研究をテレビでも紹介してもらい、メールなどで市民の方からも色々と質問が寄せられ、大変参考になっています。本来ブログへのコメントを可能にすれば良いのですが、対応できない失礼を避けるために、申し訳ありませんが現在の設定にしております。

最近色々なメディアと接触していて、各局の立場がよく分かります。アンデルセン童話「裸の王様」を見ているようです。政府および政府がその科学的根拠としている専門家会議に異を唱える意見(としか見られていませんが、科学的真理です)ですから、及び腰になる(裸だと言えない)のでしょう。まず新聞は紙面では取り上げないですが、取り上げて頂いた朝日新聞電子版には敬意を表します。今のところ恐れずに紹介してくれているのはABCやTBS系のニュースショウが多いです。地元のテレビ局は、取材に来てニュースで紹介してくれたところもあります。

政府も専門家会議から詳しい説明を受けておられたものと思いますが、感染症の蔓延対策は、子供でも分かる簡単なことです。それを説明しておきます。記号を使う方が説明しやすいので少し使います。

A:毎日市内で発生しているであろう、新規感染者

B:毎日の、発症が確認されて、隔離される感染者、治る感染者(病院で治る人、市中で治る人)、亡くなる方

AがBより大きいと感染が拡大し、AがBより小さいと感染は収束します。AとBの大きさの比較が大事だということは、誰も反対しません。AとBの大きさを比較する場合、単にAとBのそれぞれの大きさを見れば良いのですが、A-Bが正か負で判断できますし、A/Bの比が1より大きいか、小さいかでも判断できます。四則演算で分かり易いのは加減で、不得手とする人が多いのは乗除でしょう。割り算を暗算でするのが大変なように、比で大きさを比較する場合、分母、分子で共通の因子は消えますので、注意が必要になることもあります。
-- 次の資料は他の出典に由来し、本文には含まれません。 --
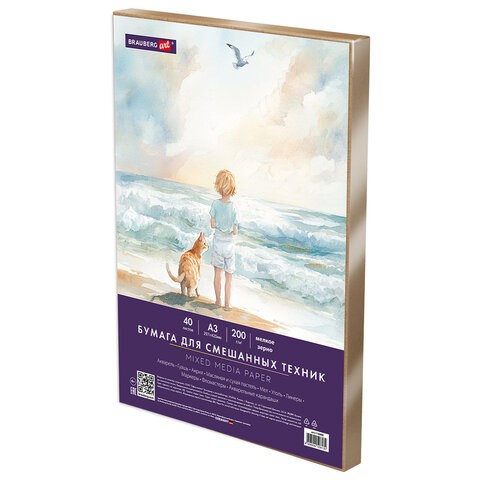 Бумага для смешанных техник (акварель/карандаш/пастель) MixMedia, 200 г/м2, А3, 40 л. в коробе, BRAUBERG ART CLASSIC, "Море", 116966
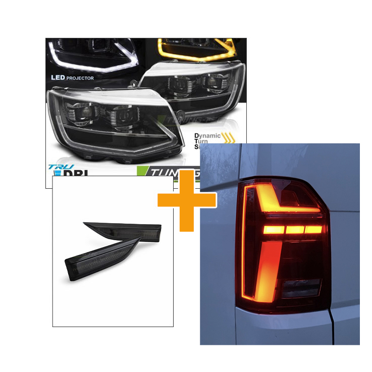 + Voll LED Lightbar Rückleuchten im T6.1-Design mit animierter Startsequenz und dynamischem Blinker für VW T6

さてAは、ウイルスの感染力、未感染者の数、市中にいる感染者の数、未感染者と感染者の接触頻度で決まります。それを小さくする方法としては、ワクチンの開発、未感染者の数を減らす、市中にいる感染者の数を減らす、接触頻度を減らすことが考えられます。

一方、Bを大きくするためには、症状の出た人は、厳しい「目安」を付けずに、さらにその接触者の症状の出ていない人も含めて検査し、感染者をできるだけ多く隔離すること、市中の感染者ができるだけ速く感染力をなくすようにすることになります。今開発が努力されている治療薬は、隔離感染者を速く治し、死亡者も減らそうという努力になり、また、仮にかかったときの安心感にもなりますので、大切なのですが、市中の感染者には投与できません。
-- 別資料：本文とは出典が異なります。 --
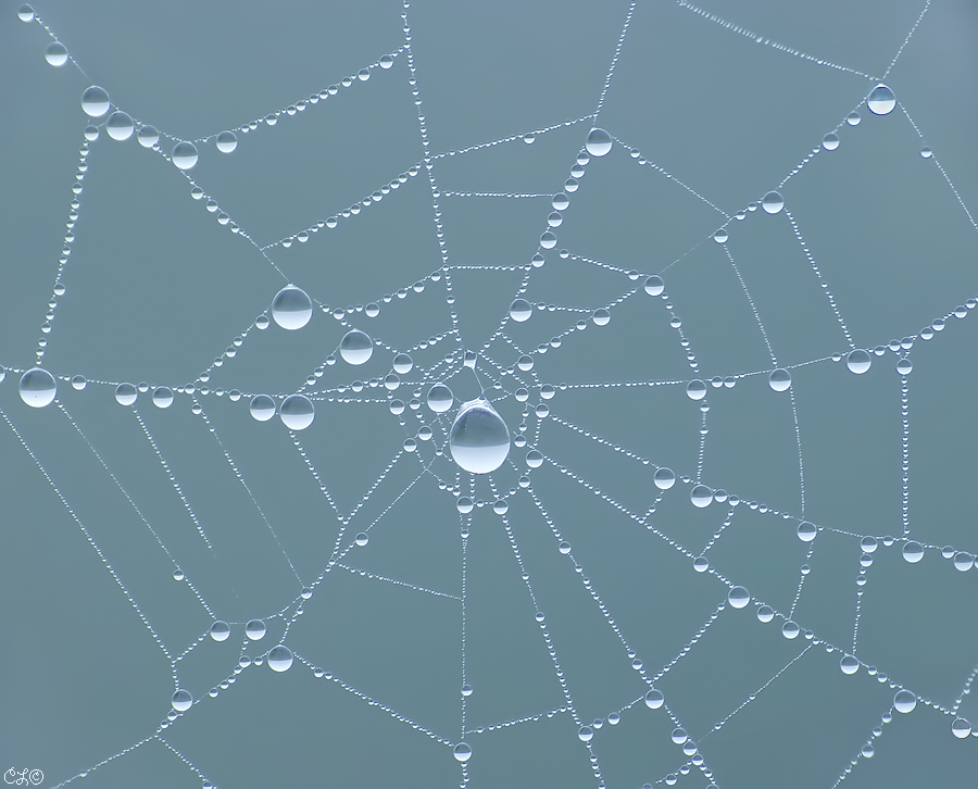 Een spinnenweb met mist-druppeltjes.

ここで、このブログの読者に質問です。自分が首相になって、「AをBより小さくする政策を考える」ことになったら、どういう政策を採りますか?。。。。。。答えを考えてから、続きを読んで下さい。

政府が採った政策は、PCR検査/隔離は死者をできるだけ減らすために重症者を見つけ出す手段と考え、接触頻度を市民の協力で8割削減し、Aを小さくするものでした。
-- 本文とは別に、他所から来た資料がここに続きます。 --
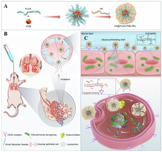 The pulmonary barrier limits the scope of antibiotic applications for pulmonary inhalation delivery. Most antibiotics cannot be delivered directly to the lungs due to their inherent limitations, such as high hydrophobicity and poor cellular absorption [143]. The introduction of nanomaterials has greatly improved the efficiency of pulmonary drug delivery and significantly reduced drug toxicity. Among the common lung delivery vehicles, PLGA-related polymers have been used to carry several types of drugs, such as proteins, peptides, DNA, and siRNA. Casciaro et al. delivered PLGA-encapsulated antimicrobial peptides via a liquid injector to a mouse model of pneumonia. The PLGA nanoparticles inhibited bacterial growth, leading to a reduction in lung bacterial load [144]. PLGA nanoparticles have also been used to aid drug penetration through the mucus barrier and improve the efficiency of pulmonary drug delivery. Wu et al. constructed nanoparticles of hydrophilic HA with PLGA containing PMB to enable better penetration of the drug through the mucus barrier (Figure 13). The modification of PLGA improved the drug delivery efficiency and promoted the slow release of the drug for sustained treatment [145].

スウェーデンでは、感染症が蔓延して、抗体を持つ人が増え、未感染者が減ることによるAの減少を待つという政策が採られています。その状態になるまでは1年位はかかると思いますが、その間に亡くなる方はやむを得ないという考え方のようです。

私の提案は、PCR検査/隔離は、市中の感染源を減らすためにやり、そうすればBを大きくできるというものです。

ブログの読者の政策はどうだったでしょうか?

比をとって考える際に、重要となるのは、時間の単位をどうするかです。例えば、1秒を単位にするのか1時間にするのか1日にするのかを迷います。普通理論的解析では、現象に固有の時間を単位として用います。従来の感染症の理論では、治癒するまでの日数を単位として理論が組み立てられています。私が学生を指導していたときも、常に何を単位するか考えさせました。一方、単位を消去して得た結果を実際の予測などに当てはめるときは、実際の時間に戻す必要があり、そこで混乱するととんでもない結論が出てしまいます。学生の研究結果をチェックするときは最初に見るところです。

安倍首相が、宣言解除の条件の一つとして、「新規感染者の数が退院者の数を下回れば良い」と記者会見で言われていました。今分かるのは、市中の新規感染者(Aの中の)ではなく、日ごと陽性者数=隔離数(Bの中の)のはずですから、安倍首相の条件は病院の空きベッドの数が増えれば感染が収束に向かっているという判断になります。市中の無症状感染者が問題なのにそれでいいのかと不安になるのは私だけではないはずです。

市民の方も何となくおかしいと気づかれているようですが、どこがおかしいか言えないもどかしさがあると思います。この説明が、市民の方々がコロナ問題を考えられるときの参考になれば幸いです。